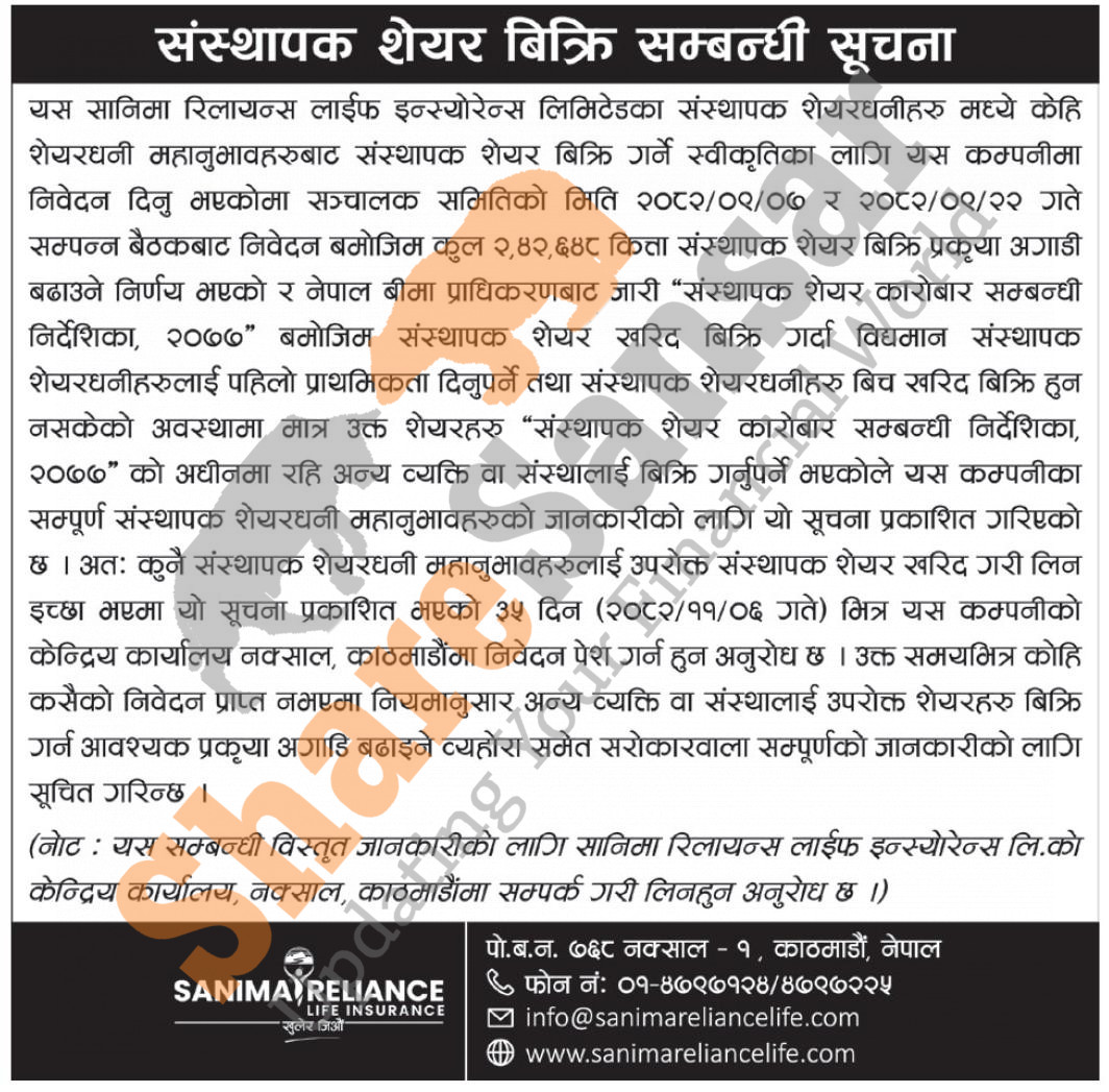 The existing promoter of Sanima Reliance Life Insurance Limited is selling 2,42,648 shares to its promoter shareholders.
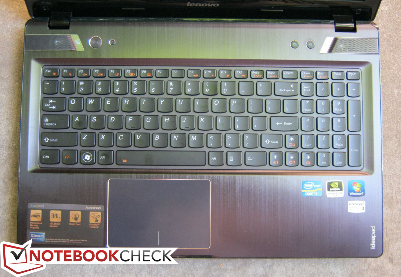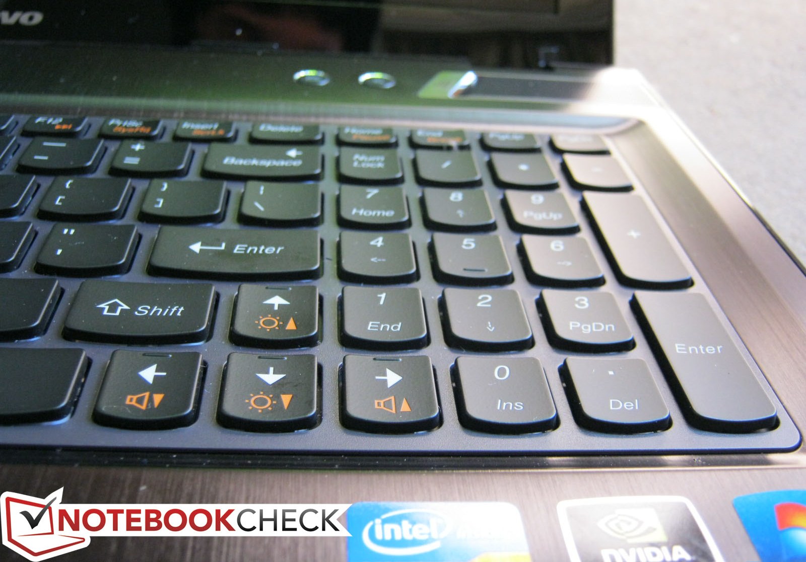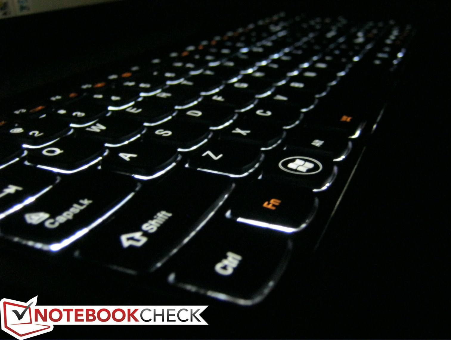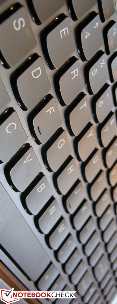 Layout, Abstände und Abmessungen (34 cm x 11 cm) der Tastatur wurden vom Y570 übernommen. Seit Lenovo von der klassischen, abgeschrägten Tastatur abgekommen ist, findet man die geschwungenen und leicht gerundeten Tasten im Chiclet-Stil in praktisch allen neuen Lenovo Notebooks vom U410 Ultrabook bis zum ThinkPad T530.
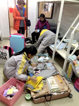 看!“豆腐块”诞生了!出自上下铺不同学生之手,以一致的规格标准整理折叠,相差无异。
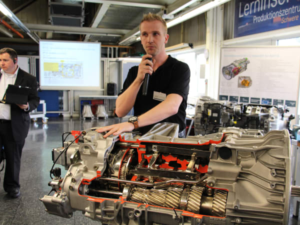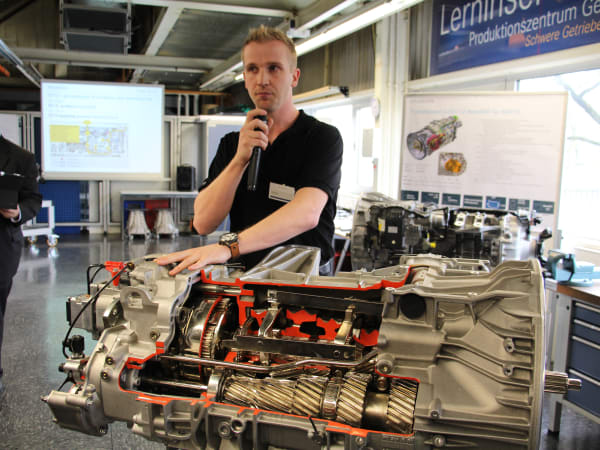 Daimler Trucks officials talk about the new Detroit DT12 automated manaul transmission to North American trucking journalists in Gaggenau, Germany.
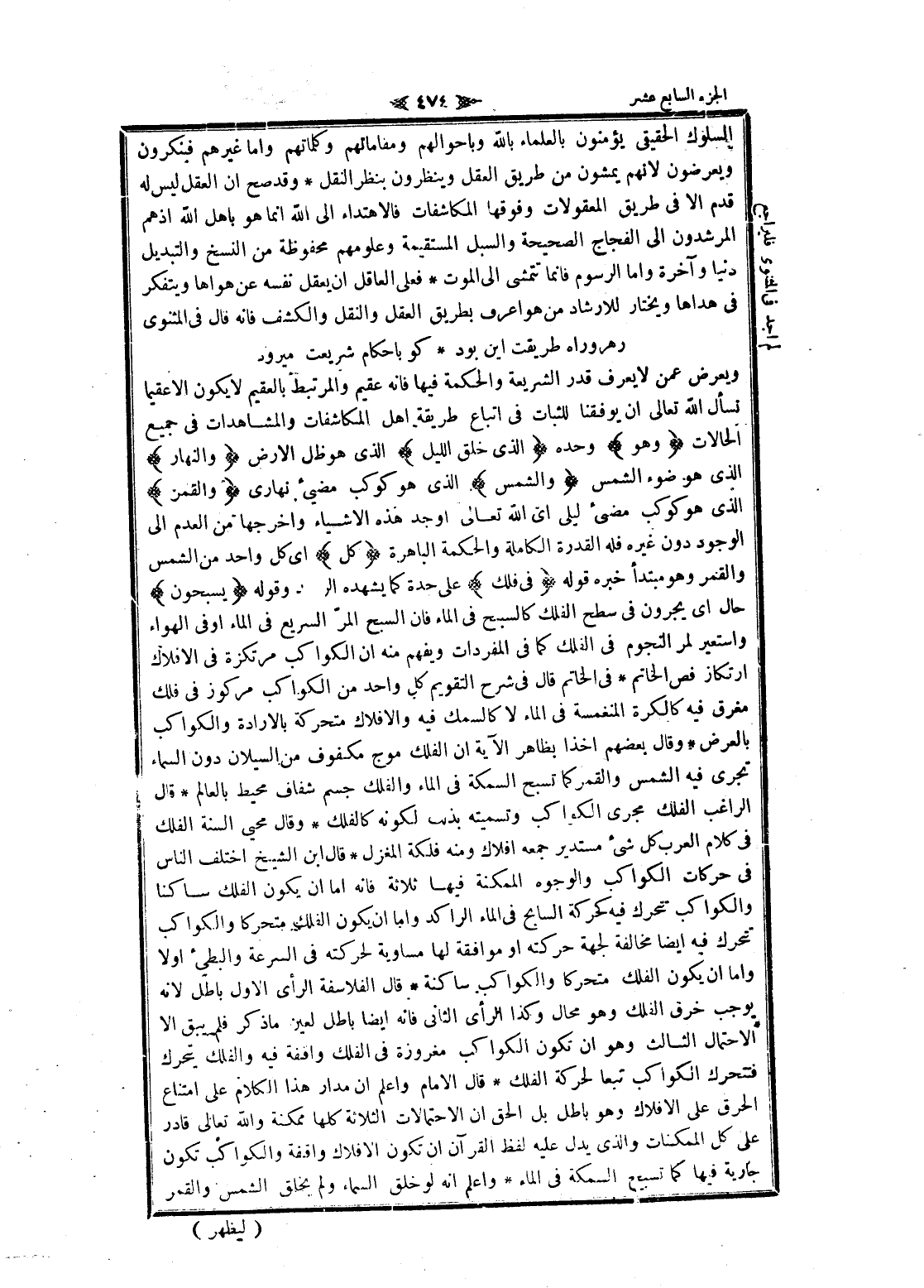 ويعرض عمن لا يعرف قدر الشريعة والحكمة فيها فانه عقيم والمرتبط بالعقيم لا يكون الا عقيما نسأل الله تعالى ان يوفقنا للثبات فى اتباع طريقة اهل المكاشفات والمشاهدات فى جميع الحالات وَهُوَ وحده الَّذِي خَلَقَ اللَّيْلَ الذي هو ظل الأرض وَالنَّهارَ الذي هو ضوء الشمس وَالشَّمْسَ الذي هو كوكب مضيئ نهارى وَالْقَمَرَ الذي هو كوكب مضئ ليلى اى الله تعالى أوجد هذه الأشياء وأخرجها من العدم الى الوجود دون غيره فله القدرة الكاملة والحكمة الباهرة كُلٌّ اى كل واحد من الشمس والقمر وهو مبتدأ خبره قوله فِي فَلَكٍ على حدة كما يشهده؟؟؟ وقوله يَسْبَحُونَ حال اى يجرون فى سطح الفلك كالسبح فى الماء فان السبح المرّ السريع فى الماء او فى الهواء واستعير لمر النجوم فى الفلك كما فى المفردات ويفهم منه ان الكواكب مرتكزة فى الافلاك ارتكاز فص الخاتم فى الخاتم قال فى شرح التقويم كل واحد من الكواكب مركوز فى فلك مغرق فيه كالكرة المنغمسة فى الماء لا كالسمك فيه والافلاك متحركة بالارادة والكواكب بالعرض وقال بعضهم أخذا بظاهر الآية ان الفلك موج مكفوف من السيلان دون السماء تجرى فيه الشمس والقمر كما تسبح السمكة فى الماء والفلك جسم شفاف محيط بالعالم قال الراغب الفلك مجرى الكواكب وتسميته بذلك لكونه كالفلك وقال محيى السنة الفلك فى كلام العرب كل شىء مستدير جمعه أفلاك ومنه فلكة المغزل قال ابن الشيخ اختلف الناس فى حركات الكواكب والوجوه الممكنة فيها ثلاثة فانه اما ان يكون الفلك ساكنا والكواكب تتحرك فيه كحركة السابح فى الماء الراكد واما ان يكون الفلك متحركا والكواكب تتحرك فيه ايضا مخالفة لجهة حركته او موافقة لها مساوية لحركته فى السرعة والبطء اولا واما ان يكون الفلك متحركا والكواكب ساكنة قال الفلاسفة الرأى الاول باطل لانه يوجب خرق الفلك وهو محال وكذا الرأى الثاني فانه ايضا باطل لعين ما ذكر فلم يبق الا الاحتمال الثالث وهو ان تكون الكواكب مغروزة فى الفلك واقفة فيه والفلك يتحرك فتتحرك الكواكب طبعا لحركة الفلك قال الامام واعلم ان مدار هذا الكلام على امتناع الحرق على الافلاك وهو باطل بل الحق ان الاحتمالات الثلاثة كلها ممكنة والله تعالى قادر على كل الممكنات والذي يدل عليه لفظ القرآن ان تكون الافلاك واقفة والكواكب تكون جارية فيها كما تسبيح السمكة فى الماء واعلم انه لو خلق السماء ولم يخلق الشمس والقمر
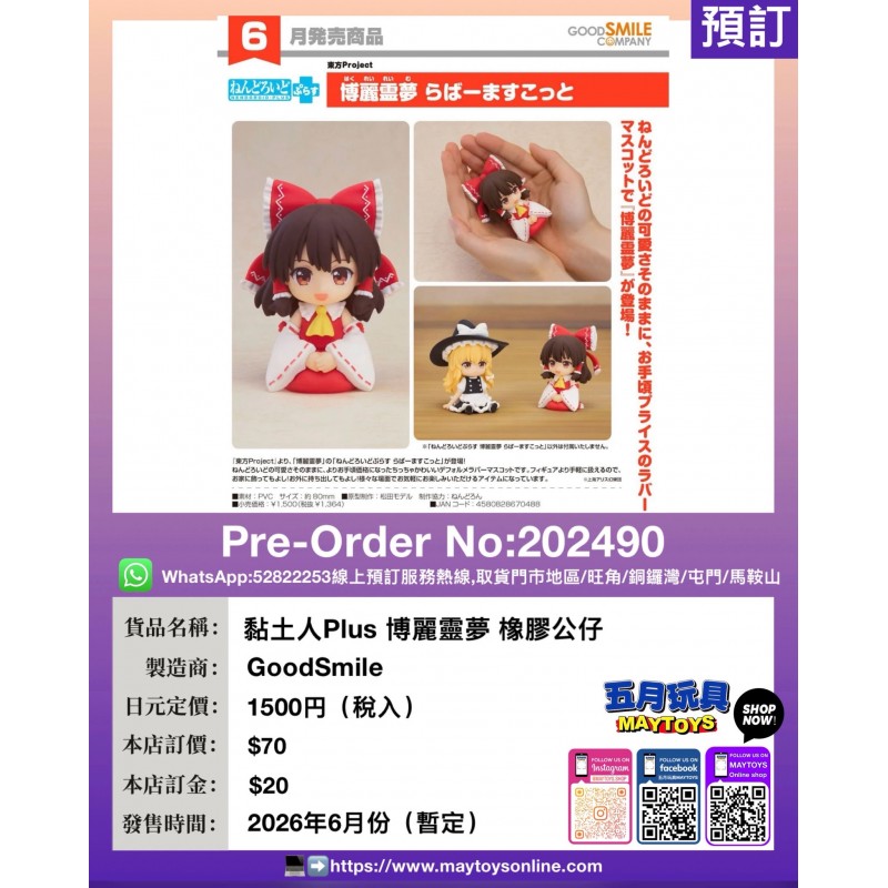 黏土人Plus 博麗靈夢 橡膠公仔-4580828670488
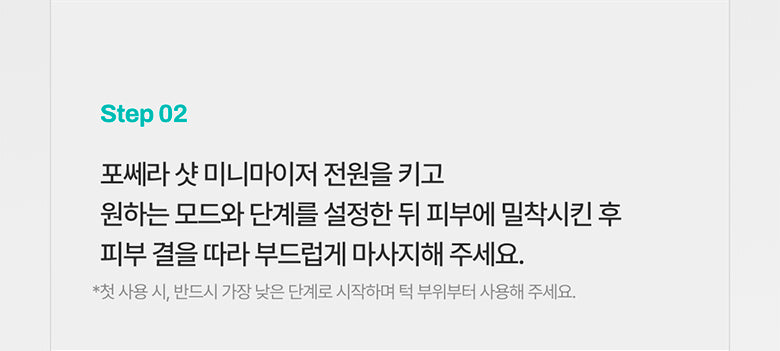 - Step 2: Turn on the Porethera Shot Minimizer, select your desired mode and intensity, and gently massage your skin along its natural contours. Start with the lowest setting for the first use, focusing on the jawline area.

+++++

## TASK GOAL:
Could you please write out the entries exactly as they are, with every picture left out?

## RESPONSE:
 The existing promoter of Sanima Reliance Life Insurance Limited is selling 2,42,648 shares to its promoter shareholders.
 Layout, Abstände und Abmessungen (34 cm x 11 cm) der Tastatur wurden vom Y570 übernommen. Seit Lenovo von der klassischen, abgeschrägten Tastatur abgekommen ist, findet man die geschwungenen und leicht gerundeten Tasten im Chiclet-Stil in praktisch allen neuen Lenovo Notebooks vom U410 Ultrabook bis zum ThinkPad T530.
 看!“豆腐块”诞生了!出自上下铺不同学生之手,以一致的规格标准整理折叠,相差无异。
 Daimler Trucks officials talk about the new Detroit DT12 automated manaul transmission to North American trucking journalists in Gaggenau, Germany.
 ويعرض عمن لا يعرف قدر الشريعة والحكمة فيها فانه عقيم والمرتبط بالعقيم لا يكون الا عقيما نسأل الله تعالى ان يوفقنا للثبات فى اتباع طريقة اهل المكاشفات والمشاهدات فى جميع الحالات وَهُوَ وحده الَّذِي خَلَقَ اللَّيْلَ الذي هو ظل الأرض وَالنَّهارَ الذي هو ضوء الشمس وَالشَّمْسَ الذي هو كوكب مضيئ نهارى وَالْقَمَرَ الذي هو كوكب مضئ ليلى اى الله تعالى أوجد هذه الأشياء وأخرجها من العدم الى الوجود دون غيره فله القدرة الكاملة والحكمة الباهرة كُلٌّ اى كل واحد من الشمس والقمر وهو مبتدأ خبره قوله فِي فَلَكٍ على حدة كما يشهده؟؟؟ وقوله يَسْبَحُونَ حال اى يجرون فى سطح الفلك كالسبح فى الماء فان السبح المرّ السريع فى الماء او فى الهواء واستعير لمر النجوم فى الفلك كما فى المفردات ويفهم منه ان الكواكب مرتكزة فى الافلاك ارتكاز فص الخاتم فى الخاتم قال فى شرح التقويم كل واحد من الكواكب مركوز فى فلك مغرق فيه كالكرة المنغمسة فى الماء لا كالسمك فيه والافلاك متحركة بالارادة والكواكب بالعرض وقال بعضهم أخذا بظاهر الآية ان الفلك موج مكفوف من السيلان دون السماء تجرى فيه الشمس والقمر كما تسبح السمكة فى الماء والفلك جسم شفاف محيط بالعالم قال الراغب الفلك مجرى الكواكب وتسميته بذلك لكونه كالفلك وقال محيى السنة الفلك فى كلام العرب كل شىء مستدير جمعه أفلاك ومنه فلكة المغزل قال ابن الشيخ اختلف الناس فى حركات الكواكب والوجوه الممكنة فيها ثلاثة فانه اما ان يكون الفلك ساكنا والكواكب تتحرك فيه كحركة السابح فى الماء الراكد واما ان يكون الفلك متحركا والكواكب تتحرك فيه ايضا مخالفة لجهة حركته او موافقة لها مساوية لحركته فى السرعة والبطء اولا واما ان يكون الفلك متحركا والكواكب ساكنة قال الفلاسفة الرأى الاول باطل لانه يوجب خرق الفلك وهو محال وكذا الرأى الثاني فانه ايضا باطل لعين ما ذكر فلم يبق الا الاحتمال الثالث وهو ان تكون الكواكب مغروزة فى الفلك واقفة فيه والفلك يتحرك فتتحرك الكواكب طبعا لحركة الفلك قال الامام واعلم ان مدار هذا الكلام على امتناع الحرق على الافلاك وهو باطل بل الحق ان الاحتمالات الثلاثة كلها ممكنة والله تعالى قادر على كل الممكنات والذي يدل عليه لفظ القرآن ان تكون الافلاك واقفة والكواكب تكون جارية فيها كما تسبيح السمكة فى الماء واعلم انه لو خلق السماء ولم يخلق الشمس والقمر
 黏土人Plus 博麗靈夢 橡膠公仔-4580828670488
 - Step 2: Turn on the Porethera Shot Minimizer, select your desired mode and intensity, and gently massage your skin along its natural contours. Start with the lowest setting for the first use, focusing on the jawline area.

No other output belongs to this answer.